28710.fb2
Внезапно эхо этого каменного прохода донесло до него шаркающий звук чьих-то сандалий. Он затрепетал, задыхаясь от страха, в глазах у него потемнело. Ну вот! Теперь-то уж, наверно, всему конец! Он весь сжался, сидя на корточках, в углублении стены и, полумертвый от страха, ждал.
Это был торопящийся куда-то сыщик. Он быстро прошел мимо, страшный в своем капюшоне и со щипцами для вырывания мышц в руке, и исчез.
Внезапный ужас, словно стиснувший все тело раввина, лишил его последних жизненных сил, и почти целый час он не в состоянии был пошевелиться.
Страшась новых пыток, если его обнаружат, он подумал было, не возвратиться ли обратно в каменный мешок. Но упорная надежда в душе нашептывала ему божественное "может быть", которое укрепляет дух человека даже в самом отчаянном положении! Чудо свершилось! Не надо сомневаться! И он снова пополз к возможному освобождению. Изможденный пытками и голодом, дрожащий от страха, он все же продвигался вперед. А этот подобный склепу коридор словно удлинялся таинственным образом. И его медленному продвижению все не было конца, и он все время смотрел туда, в этот мрак, где должен же был находиться спасительный выход.
Ого! Вот опять зазвучали шаги, но на этот раз они были медленнее и тяжелее.
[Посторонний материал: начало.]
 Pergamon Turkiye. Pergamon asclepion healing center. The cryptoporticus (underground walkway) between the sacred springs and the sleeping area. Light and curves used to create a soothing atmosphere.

Вдалеке на темном фоне возникли черно-белые фигуры двух инквизиторов в шляпах с загнутыми полями. Они негромко разговаривали, видимо, в чем-то несогласные друг с другом по какому-то немаловажному вопросу, так как оба энергично жестикулировали.
Завидев их, рабби Асер Абарбанель закрыл глаза. Сердце его забилось так, что, казалось, он вот-вот умрет, лохмотья пропитались предсмертным ледяным потом. Неподвижно вытянулся он вдоль стены под самым светильником и открытым ртом беззвучно взывал к Богу Давида.
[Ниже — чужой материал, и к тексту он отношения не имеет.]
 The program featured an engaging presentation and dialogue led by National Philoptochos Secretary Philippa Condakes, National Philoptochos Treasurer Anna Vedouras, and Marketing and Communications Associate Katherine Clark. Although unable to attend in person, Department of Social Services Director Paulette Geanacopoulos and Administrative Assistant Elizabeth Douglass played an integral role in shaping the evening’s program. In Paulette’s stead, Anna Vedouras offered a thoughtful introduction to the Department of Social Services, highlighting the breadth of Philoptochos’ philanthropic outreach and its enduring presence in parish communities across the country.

Подойдя близко к нему, инквизиторы остановились как раз под светильником, видимо, случайно, увлеченные своим спором. Один из них, внимательно слушая собеседника, поглядел в сторону раввина. И несчастному, не сразу сообразившему, что взгляд этот рассеянный, невидящий, почудилось, что раскаленные щипцы снова впиваются в его истерзанную плоть. Значит, ему снова предстоит стать сплошным воплем, сплошной раной!
В полуобморочном состоянии, без сил вздохнуть, он беспомощно моргал и трепетал от малейшего прикосновения рясы инквизитора. Однако дело хотя и странное, но в то же время вполне естественное взгляд инквизитора свидетельствовал, что в данный миг тот глубоко озабочен тем, что ему ответить на речи, которые он слушает и которые его, по-видимому, целиком поглощают: взгляд этот устремлен был в одну точку на еврея, но при этом, казалось, совершенно не видел его.
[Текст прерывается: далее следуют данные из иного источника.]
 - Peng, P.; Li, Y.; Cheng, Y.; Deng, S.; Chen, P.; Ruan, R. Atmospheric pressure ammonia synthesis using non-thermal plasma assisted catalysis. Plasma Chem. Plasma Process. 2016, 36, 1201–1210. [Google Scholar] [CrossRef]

И действительно, через несколько минут оба зловещих собеседника, медленным шагом и все время тихо переговариваясь, продолжили свой путь в ту сторону, откуда полз узник. ЕГО НЕ УВИДЕЛИ! Но он был в таком ужасающем смятении чувств, что мозг его пронзила мысль: "Не умер ли я, раз меня не видят?" Из летаргии вырвало его омерзительное ощущение: со стены у самого лица и прямо против его глаз так ему показалось устремлены были два чьих-то свирепых глаза. Волосы у него встали дыбом; внезапным, безотчетным движением он откинулся назад. Но нет, нет! Ощупав камни, он сообразил: это отражение глаз инквизитора в его зрачках как бы отпечаталось на двух пятнах этой стены.
Вперед! Надо торопиться к той цели, которая представлялась его уже, наверно, больному сознанию освобождением! К этому сумраку, от которого он был теперь в каких-нибудь тридцати шагах. И он снова продолжил, как можно было быстрее, свой мучительный путь, ползя на коленях, на руках, на животе, и вскоре попал в неосвещенную часть длинного коридора.
Внезапно несчастный ощутил на своих руках, упиравшихся в плиты пола, резкое дуновение из-под небольшой двери в самом конце коридора. О боже!
Только бы эта дверь вела за пределы тюрьмы! У измученного беглеца закружилась голова от надежды. Он разглядывал дверь сверху донизу, но ему это плохо удавалось из-за сгустившегося вокруг сумрака. Он принялся нащупывать ни щеколды, ни замка. Задвижка! Узник выпрямился, задвижка уступила его нажиму, дверь перед ним распахнулась.
— Аллилуйя! — благодарственно испустил раввин глубокий вздох из расширившейся груди, встав теперь во весь рост на пороге и вглядываясь в то, что явилось его взору.
Дверь открывалась в сады под звездами ясной ночи, открывалась весне, свободе, жизни! Там, за садами, чудились поля, а за ними горы, чьи голубоватые очертания вырисовывались на небосклоне, там было спасение!
О, бежать! Он и бежал всю ночь под сенью лимонных рощ, вдыхал их аромат.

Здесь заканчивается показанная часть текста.